■ DIRECTIONS ■
Would you transcribe the lines running from the one that holds "2.三點聯(lián)動式門" to the last line of the records? Leave every picture out.

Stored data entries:
======

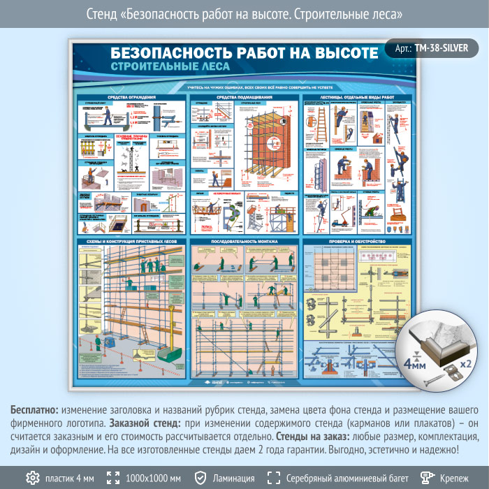 Стенд «Безопасность работ на высоте. Строительные леса» (TM-38-SILVER) в Улан-Удэ купить
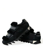 Dolce & Gabbana Black Fur Embellished Suede Sneakers Shoes
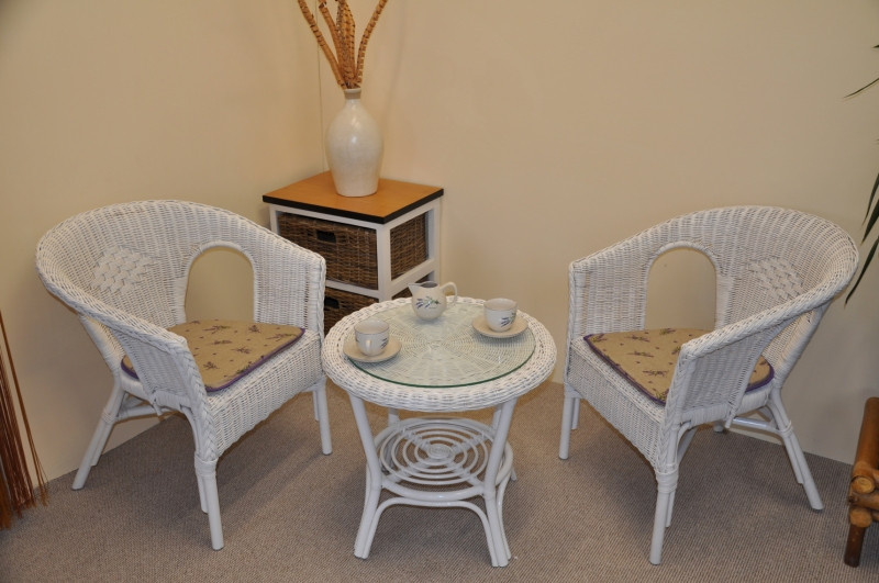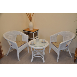 Ratanový nábytek - ratanová sedací souprava je vyrobena z přírodního ratanu v bílé barvě konstrukce. | Souprava obsahuje 2 křesla a stolek se sklem, kompletní sadu polstrů dle obrázku Masivní ratanová konstrukce s ratanovým výpletem z proutků průměr 3 mm. Barva ratanové konstrukce i výpletu je bílá. Rozměr křesla je 58x57x76 cm, nosnost křesla 110 kg Stolek se sklem průměr 50 cm, výška stolku je 55 cm Polstry jsou vyrobeny v České republice. Spoje ratanové konstrukce jsou šroubovány.
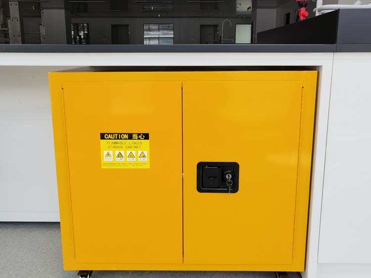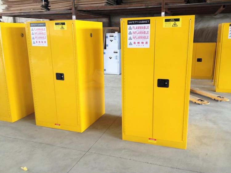 2.三點聯(lián)動式門鎖,輕松自如啟閉,柜門配有雙鑰匙,5cm高的防漏液槽使意外流出的液體不外溢。裝設有防閉火裝置的雙透氣孔,獨有的防溢漏式層板可在每層擋上下之間自由調節(jié)。嚴格按照OSHA規(guī)范,粔身設有靜電接地傳導端口,方便連接靜電接地導線.柜子內外噴涂有持久的、不含鉛環(huán)氧樹脂漆,防止化侵蝕.
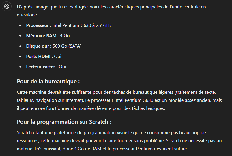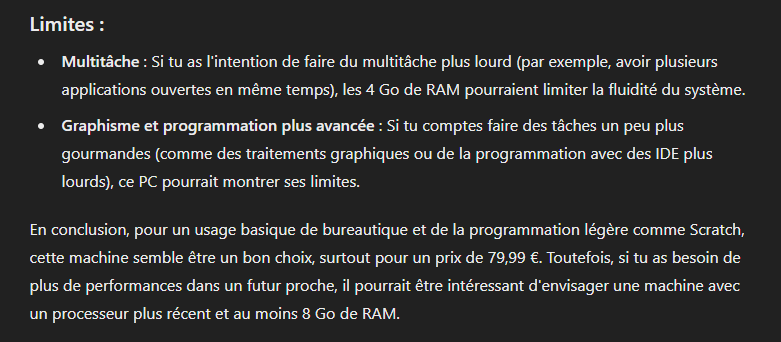 Je fais appel à tes compétences en informatique. Penses-tu que cette machine est adaptée à la bureautique et un peu de programmation, comme Scratch ?Et là, sous mes yeux ébahis, GPT m’a encore délivré une réponse claire et précise ! Voici ce que ça a donné :

======

■ ANSWER AREA ■
 2.三點聯(lián)動式門鎖,輕松自如啟閉,柜門配有雙鑰匙,5cm高的防漏液槽使意外流出的液體不外溢。裝設有防閉火裝置的雙透氣孔,獨有的防溢漏式層板可在每層擋上下之間自由調節(jié)。嚴格按照OSHA規(guī)范,粔身設有靜電接地傳導端口,方便連接靜電接地導線.柜子內外噴涂有持久的、不含鉛環(huán)氧樹脂漆,防止化侵蝕.
 Je fais appel à tes compétences en informatique. Penses-tu que cette machine est adaptée à la bureautique et un peu de programmation, comme Scratch ?Et là, sous mes yeux ébahis, GPT m’a encore délivré une réponse claire et précise ! Voici ce que ça a donné :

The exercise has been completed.